! Work in progress !
See https://mertend.github.io/node-crawler/ for a detailed documentation.
Node-Crawler is a highly customizable, Node-based web application for creating web crawlers and further processing and transforming the retrieved data. Users can build tailor-made web crawlers and manipulate and transform the collected data as needed. The output data format can be set to a wide range of formats including JSON, CSV, and various database formats.
The app is developed using Next.js and the React Flow library provides a framework for creating the node-based editor.
- Node-based Editing: Users can create and edit their own crawler workflows by drag-and-dropping nodes.
- Data Transformation: The application supports a variety of data manipulation and transformation operations for cleaning and restructuring the gathered data.
- Data Export: The transformed data can be output in a variety of formats including JSON, CSV, and various database formats.
Make sure you have Node.js and npm installed on your system before you start.
- Clone the repository:
git clone https://github.com/MertenD/node-crawler.git
- Navigate into the directory and install the dependencies:
cd node-crawler
npm install
- Start the development server:
npm run dev
Now you should be able to see the web application on http://localhost:3000
in your browser.
Follow these steps when you need to create a new Node:
Next, add your newly created Node to the config/NodeType enum.
First, create a new file in the components/editor/pages/canvas/nodes directory. In this file, you will define the following elements:
-
Data Interface: Create a Data interface that stores all data the user can configure.
-
Style Function: Create a Style function (using the
createNodeShapeStyle()
function), where you can customize the Node's appearance. -
Node Component: Create a Node component (using the
createNodeComponent()
function), which will be the Node on the canvas. -
Options Component: Create an Options component (using the
createOptionsComponent()
function), where the user can configure the Node's behavior.
You can use the following template to create a new Node:
// TODO: Replace [NAME] everywhere
// --- Data ---
export interface [NAME]NodeData extends NodeData {
// TODO: Add data attributes here
}
// --- Style ---
export const [NAME]ShapeStyle = createNodeShapeStyle({
// TODO: Add additional CSS for the node's shape here
})
// --- Node ---
export const [NAME]Node = createNodeComponent<[NAME]NodeData>(
NodeType.[NAME]_NODE,
[NAME]ShapeStyle,
(id, selected, data) => {
// TODO: Place the node content here
}
)
// --- Options ---
export const [NAME]Options = createOptionsComponent<[NAME]NodeData>("Start", ({ id, data, onDataUpdated }) => {
return // TODO: Place options here
})
Add all metadata of the new Node to the config/NodesMetadata.tsx file.
Define the connection rules for the new Node in the config/ConnectionRules.ts file.
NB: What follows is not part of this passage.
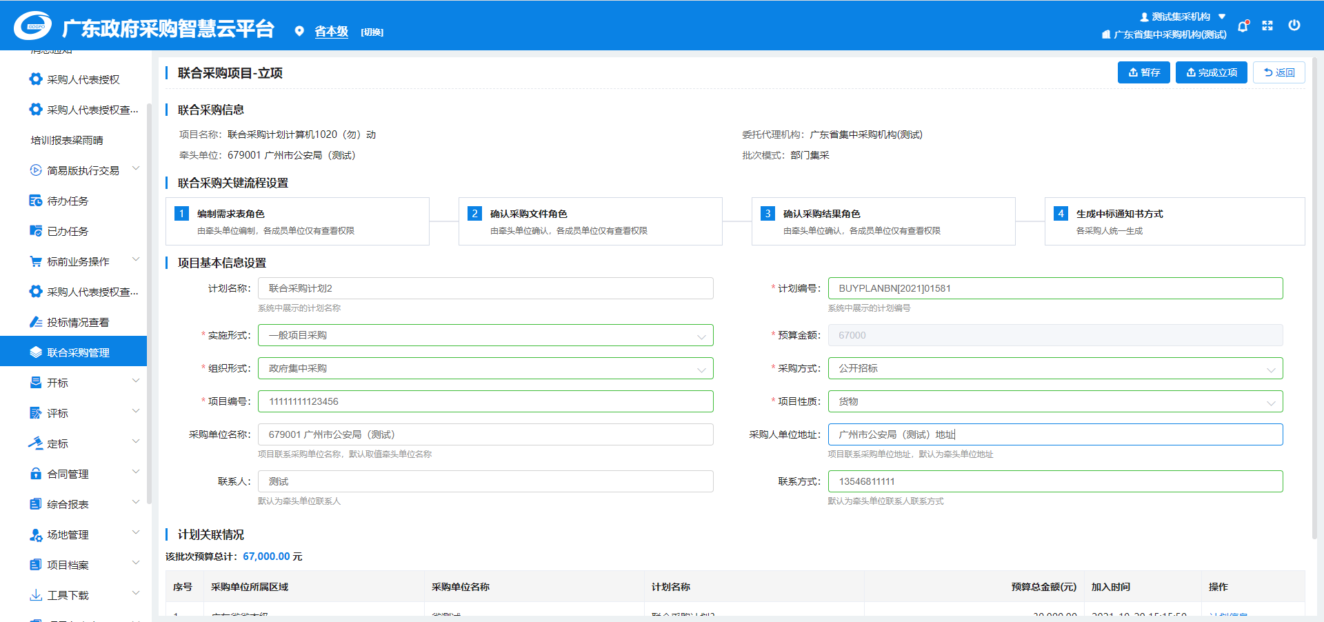 **步骤五:**确认信息无误,点击【完成立项】完成项目立项工作。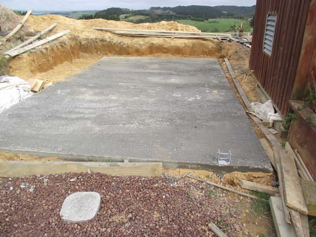 La base de aproximadamente 1.5-2 metros cúbicos de concreto que me diera un 18 pies x 12 pies 4 pulgadas de profundidad.

You need to create a new class in the engine/nodes directory. This class should extend the BasicNode
interface. Below is a basic template for your reference:
// TODO: Replace [NAME]
export class Engine[NAME]Node implements BasicNode {
id: string;
nodeType: NodeType
data: // TODO
constructor(id: string, data: /* TODO */) {
this.id = id
this.nodeType = // TODO
this.data = data
}
async run() {
// Optional: Get inputs from previous nodes
const input = usePlayStore.getState().getInput(this.id, "input")
if (input) {
// TODO Put the logic of the node here
// Optional: Add downloadable file
usePlayStore.getState().addFile(/* TODO */)
// Optional: Make outputs accessable for the next node
usePlayStore.getState().addOutgoingPipelines(this.id, /* TODO */)
// Optional: Write to the log
usePlayStore.getState().writeToLog(/* TODO */)
// End with calling the next node
usePlayStore.getState().nextNode()
}
}
}
The final step involves adding the transformation logic for the node. This transformation will convert a React Flow Node
into an instance of your newly created class from Step 5. To do this, navigate to the util/NodeMapTransformer.ts file and
add a new case to the getNodeFromType()
method where you create the instance.